This looks like it would work for normal operation. I am not sure it will work when an extra private state thread is spun up. In certain circumstances we need to create more private state threads. This happens when you have an expression that is run from the private state thread. Since the private state thread is what controls the actual process, we can't run an expression from the current private state thread, so we spin up new ones. The current code is doing some tricky things to deal with this, and that was part of the reason Process::ControlPrivateStateThread() was making a copy of the current value of "m_private_state_thread" into a local variable named "private_state_thread":

HostThread private_state_thread(m_private_state_thread);

See the code in "Process::RunThreadPlan()" around the code:

if (m_private_state_thread.EqualsThread(Host::GetCurrentThread()))

The new loop as written in Process::ControlPrivateStateThread() could end up using m_private_state_thread with differing contents in the "if (m_private_state_thread.IsJoinable())" if statement. Jim Ingham made these changes, so we should add him to the reviewer list. I am going to mark as "Request Changes" so we can address any such issues, but Jim should chime in on this before we proceed.

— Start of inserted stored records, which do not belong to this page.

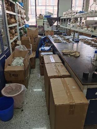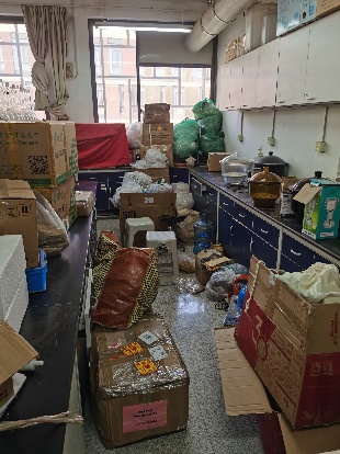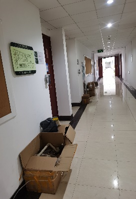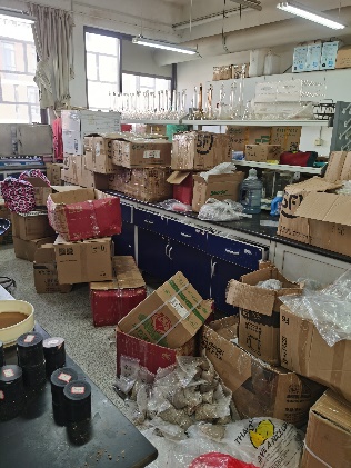 有的实验室环境杂乱,物品摆放无序,纸箱随意堆放,物品阻挡过道,需尽快整理。
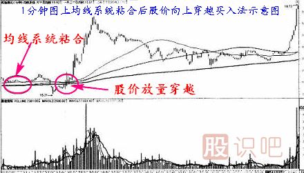 第一種 均線(xiàn)系統粘合后股價(jià)向上穿越買(mǎi)入法
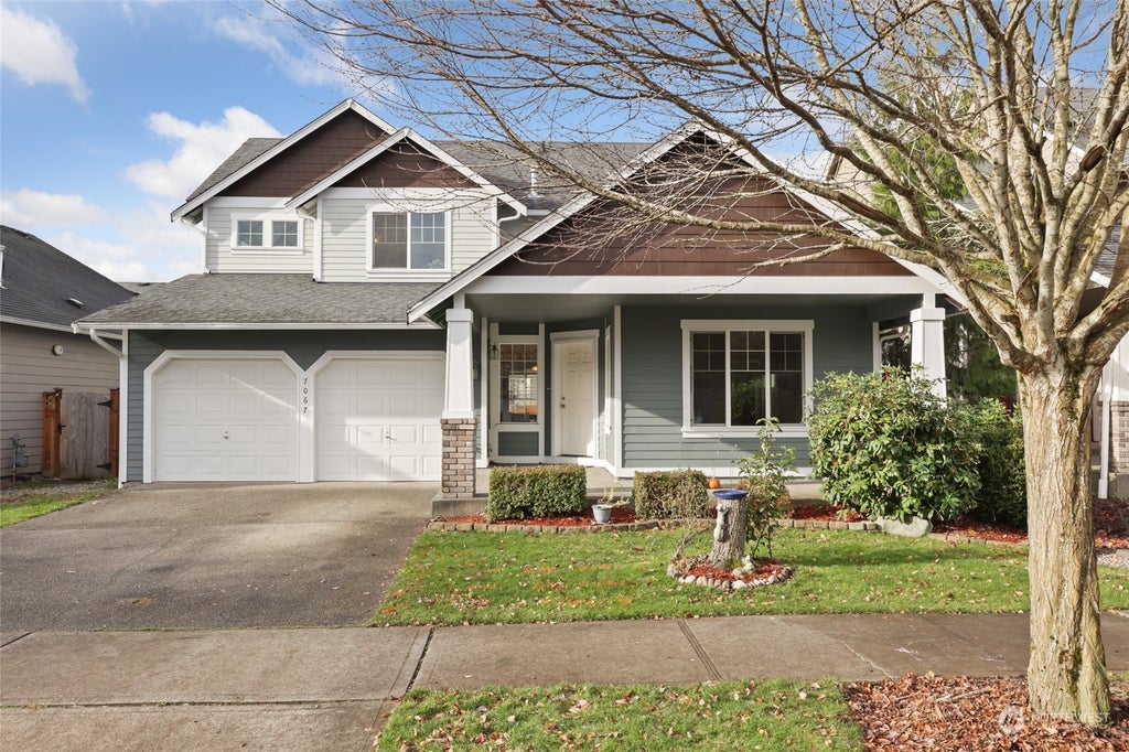 Horizon Pointe Home! Wonderful 2,200+ sq. ft. home offers a functional floorplan with living & dining room, kitchen with eating area, pantry space, built-in desk nook, family room with cozy gas fireplace, laundry, storage closet & a half bath all on the main floor. Upstairs, the spacious primary bedroom features a walk-in closet & 5-piece ensuite, 3 additional bedrooms, a hallway linen closet & full bathroom complete this level. Brand new carpeting. Updated furnace & solar panels provide improved energy usage & savings. Covered back patio, low maintenance fenced yard & raised garden beds make this a comfortable backyard. Great access to I-5, JBLM, restaurants, shopping & activities.

The way this normally happens is an expression is being run and while handling the expression on the private state thread, we need to run another expression (like a call to "mmap" in the debugged process so we can allocate memory), so we need to spin up another private state thread to handle the needed starts and stops. Only one of these threads will be actively grabbing events at a single time, so your patch might just work, but I want to get some more eyes on this to be sure.

Please add Jim Ingham as a reviewer.

This revision now requires changes to proceed.Jun 13 2016, 1:40 PM

@clayborg: Thanks for having a look! I've added Jim Ingham as a reviewer. @jingham, I'd appreciate if you could take a few minutes to look this over.

Right, I'd seen the backup/restore of the thread. As far as I can tell it should still work; the code in ControlPrivateStateThread has no idea it's working with a temporary thread, just as it didn't know before (in fact, if you look carefully at the code in the present tip of the trunk, a recent change seems to have introduced a mix of using both private_state_thread and m_private_state_thread, probably by accident). m_private_state_thread cannot be reset to the backup during a control event, since the first thing that's done before restoring the backup thread is to stop the temporary thread.

Ok, as long as Jim agrees, then I will give it the go ahead.

jingham accepted this revision.Jun 13 2016, 3:27 PM
jingham edited edge metadata.

This looks okay to me.

clayborg accepted this revision.Jun 13 2016, 3:37 PM
clayborg edited edge metadata.

Looks good if Jim is happy.

This revision is now accepted and ready to land.Jun 13 2016, 3:37 PM
labath accepted this revision.Jun 14 2016, 12:00 AM
labath edited edge metadata.

Seems to run fine on linux now. Thanks for investigating this. We'll monitor the buildbots and let you know if anything bad happens. ;)

BTW. your comment in ControlPrivateStateThread seems to indicate that the linux behavior is inconsistent/unexpected in some way. Do you think it would be worth filing a bug about that?

Thanks everyone :-)

Ah, yeah, sorry if I gave the wrong impression, but that comment is not specific to Linux (in fact, I've only seen it once, on Windows). At one point the debugger had entered ControlPrivateStateThread on one thread to stop it, seen that the thread was already in an invalid state (it was), and assumed that meant that the thread was already exiting and did a join without sending the stop. But the state thread somehow wasn't on its way out yet, it was stuck waiting for a control event first (this is the part that I'm not sure should be possible, but empirically is). This caused a deadlock. So I changed my patch to always send the event if the thread is joinable, not just if its state is valid, and left that comment to explain why this must remain so.

This revision was automatically updated to reflect the committed changes.
labath added a subscriber: labath.Jun 14 2016, 10:52 AM

OK, i see. Thanks for the explanation. This may actually be some
windows specific thing then, as I remember zachary mentioning they
have some flakyness issues there.

BTW, this has sped up the LLDB test suite nearly 2x, so thanks a lot
for that. :)

pl